Finn's Hotel will be published by Viking, which paid 'a healthy five-figure sum' for it, next spring. The stories deal with incidents from the mythology and history of Ireland, from legends of St Patrick to the tale of Tristan and Isolde. Mr Rose said one of the stories, about the four annalists who are guardians of Irish history, 'vies with Joyce's earlier The Dead as the most accomplished piece of short prose fiction ever written'.

Finn's Hotel was 'not written in the dense, all but impenetrable language of the Wake or even of Ulysses. It is extremely lucid and eminently readable, parallel to Dubliners but universal, transcending the provincial bounds of those stories. It is Dubliners for the whole world.'

Finn's Hotel was until now believed to be only an earlier title for Wake, and the stories themselves merely focal points or 'nodes' for the body of Finnegans Wake. But Mr Rose said that the nodes were inserted in a 'cannibalised, clumsy and distorted version' into the later book and 'stick out like sore thumbs'.

Each Finn's Hotel story was refined to a level beyond the fragments that were cannibalised for the Wake. On its own, Finn's Hotel was a beautifully written work; squeezing parts of it into Finnegans Wake 'arguably spoilt both books'.

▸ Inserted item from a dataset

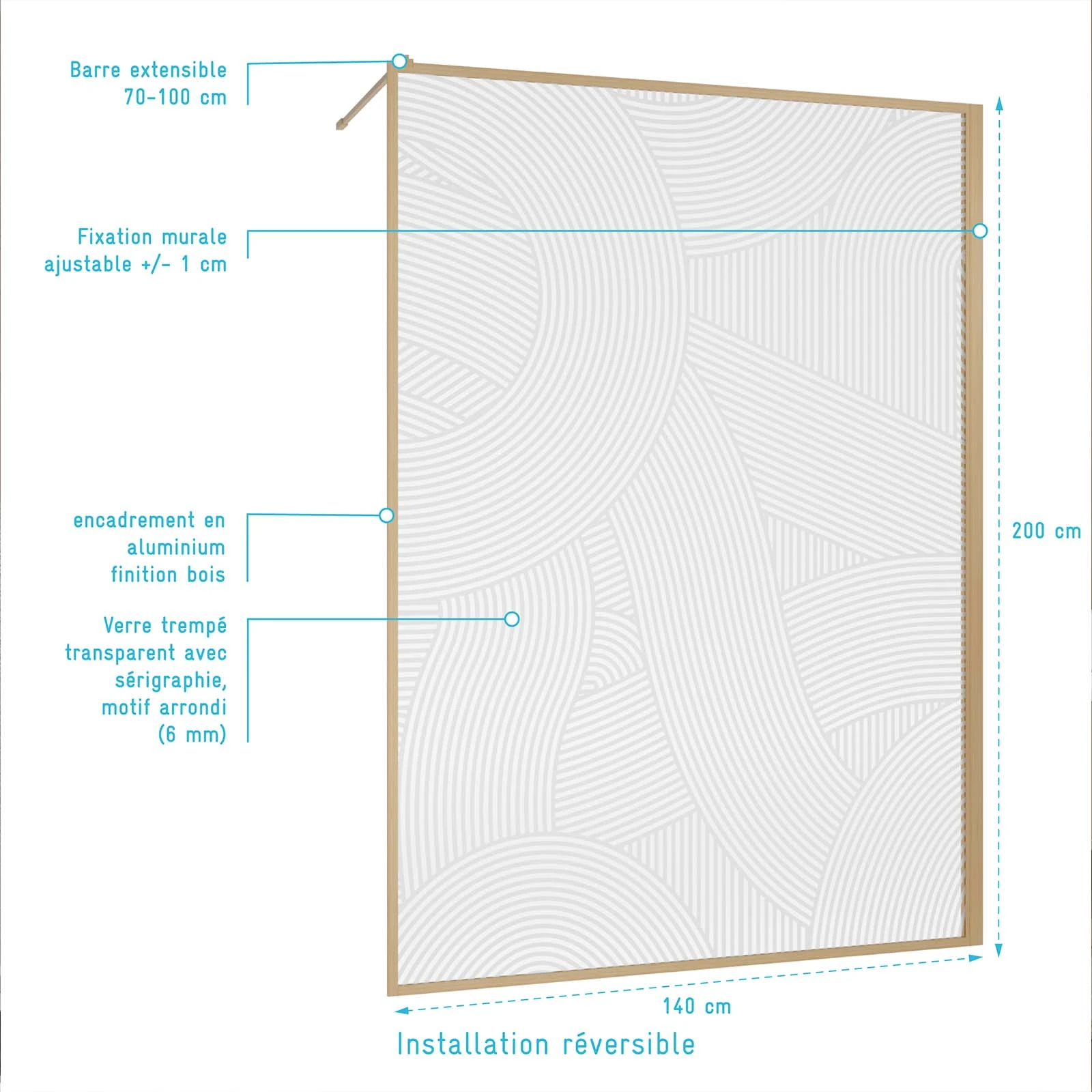 Le verre trempé de 6 mm, orné d’une sérigraphie inspirée des esthétiques japonaises et scandinaves, transforme chaque douche en une expérience visuelle unique. Les lignes arrondies qui se croisent sur la paroi de douche HINATA rappellent les jardins zen et ajoutent une dimension artistique à votre espace. Avec une barre de maintien extensible en aluminium finition décor bois, cette paroi de douche combine sécurité et beauté, pour une salle de bain à la fois pratique et élégante.

The book was also significant, as marking the middle ground between Ulysses and Finnegans Wake, which clearly entailed a new intellectual departure. Mr Rose said: 'Between the 'Day Book', Ulysses, and the 'Night Book', Finnegans Wake, Finn's Hotel is the 'Twilight Book'.' While it illuminated this transitional phase, it was also obviously separate. 'Even where characters have the same name as they do in Finnegans Wake - such as the hero Earwicker (pronounced Erica) - they are quite different people.' The existence of this volume follows the pattern of the rest of Joyce's career, of writing a major book and then a minor one. The title comes from the hotel at which Joyce's wife-to-be, Nora Barnacle, was working when Joyce first met her, and the discovery clarifies Joyce's assertion in a letter that he had named his new book as a tribute to his wife.